Now, we have to create a map of uniquely identifiable IDs in the form of a table that shows which student is taking what subjects:

Student_ID

Subject_ID

1

1

1

2

2

2

2

3

3

1

In the preceding data model, we do not have to worry about data inconsistencies. This allows us to manipulate the data easily, and allows insertions and deletions of data without having to worry about artifacts. However, a problem arises when reading the data. If you want to know the name of the student who is taking Math, the SQL query will be as follows:

SELECT a.Name from STUDENTS a JOIN STU_SUB_MAP b ON a.student_id=b.student_id JOIN SUBJECTS c ON c.Subject_id = b.Subject_id where c.subject_name='Math'

The result of the query will look like the following table:

Name

John

Smith

Even though we have got the correct result from the database, the problem lies in the amount of work the database needs to do to get this result.

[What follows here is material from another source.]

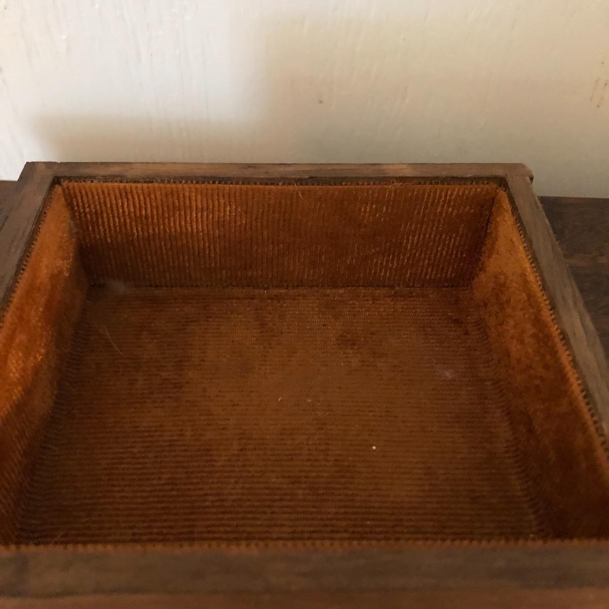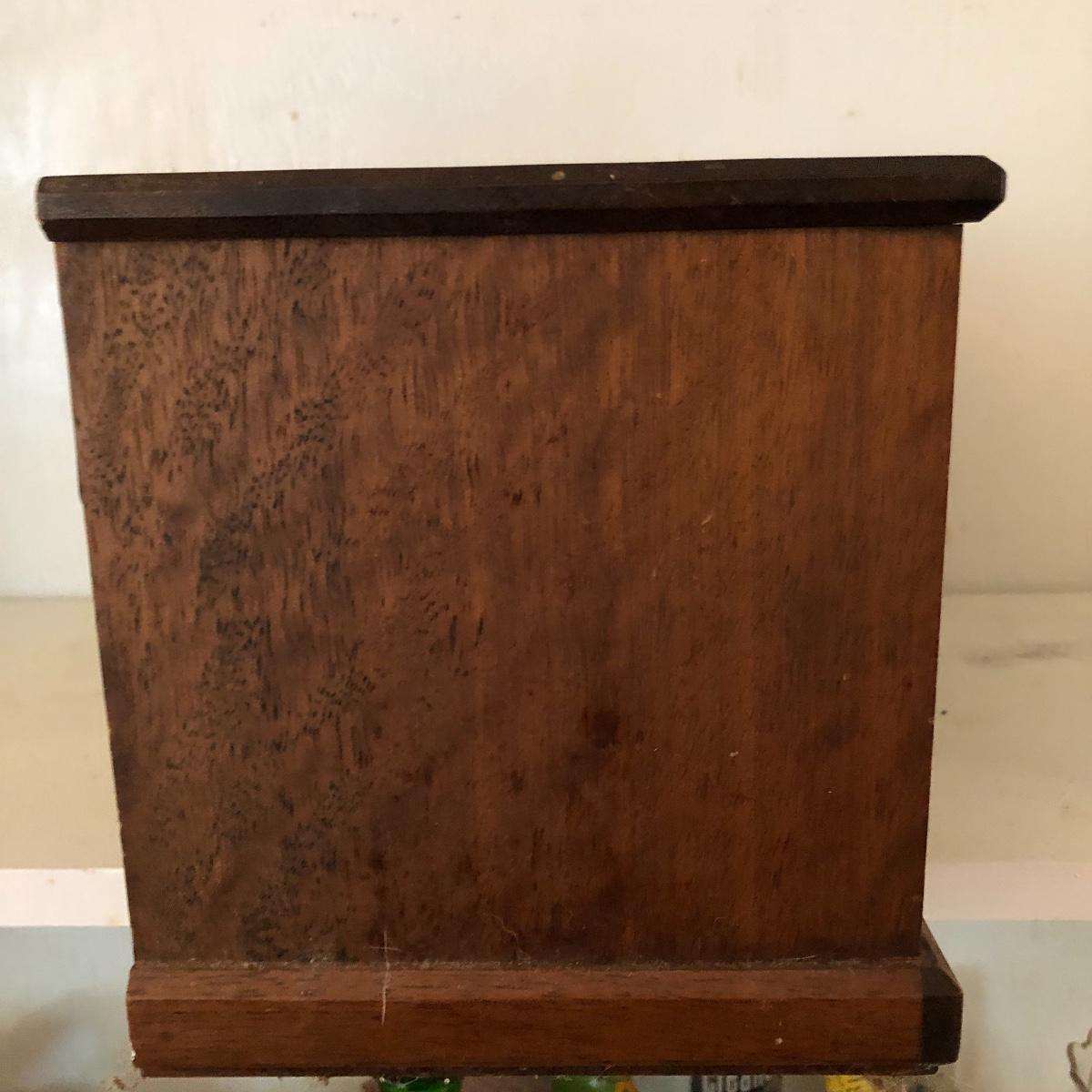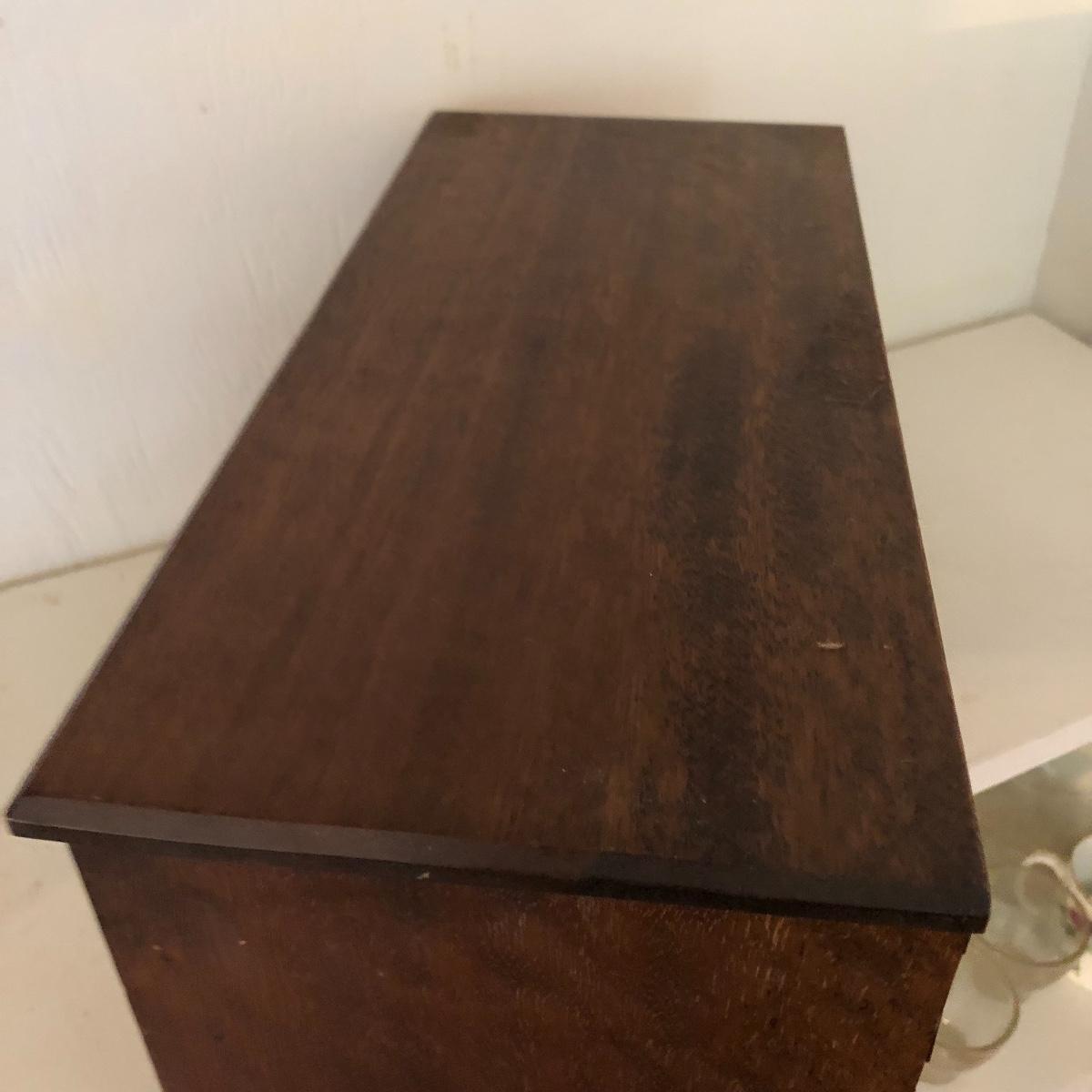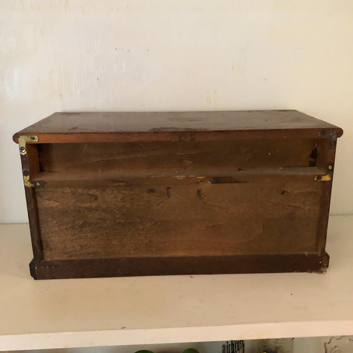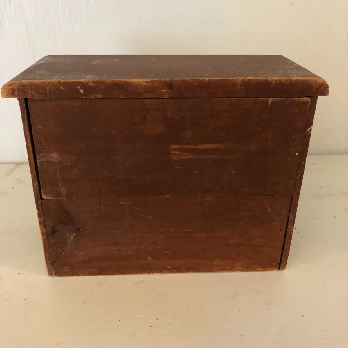 Lot includes one small wooden seven drawer chest with fabric lined drawers with metal pulls and a small two drawer wooden chest that is missing one drawer pull, see pictures. Largest chest measures 7” x 15” x 7.5”.

It has to join three different tables, read the data, and display the results. The JOIN operation is a relatively expensive operation, which can be mitigated to some extent by using indexes. However, as the table size increases, the amount of time the database takes to compute also increases.

Though normalization gives us highly structured tables with the utmost consistency, sometimes we need to keep the data in a denormalized format. This is usually necessary in scenarios where performance takes precedence over structure. A denormalized structure is more beneficial if your application has much more reads than writes.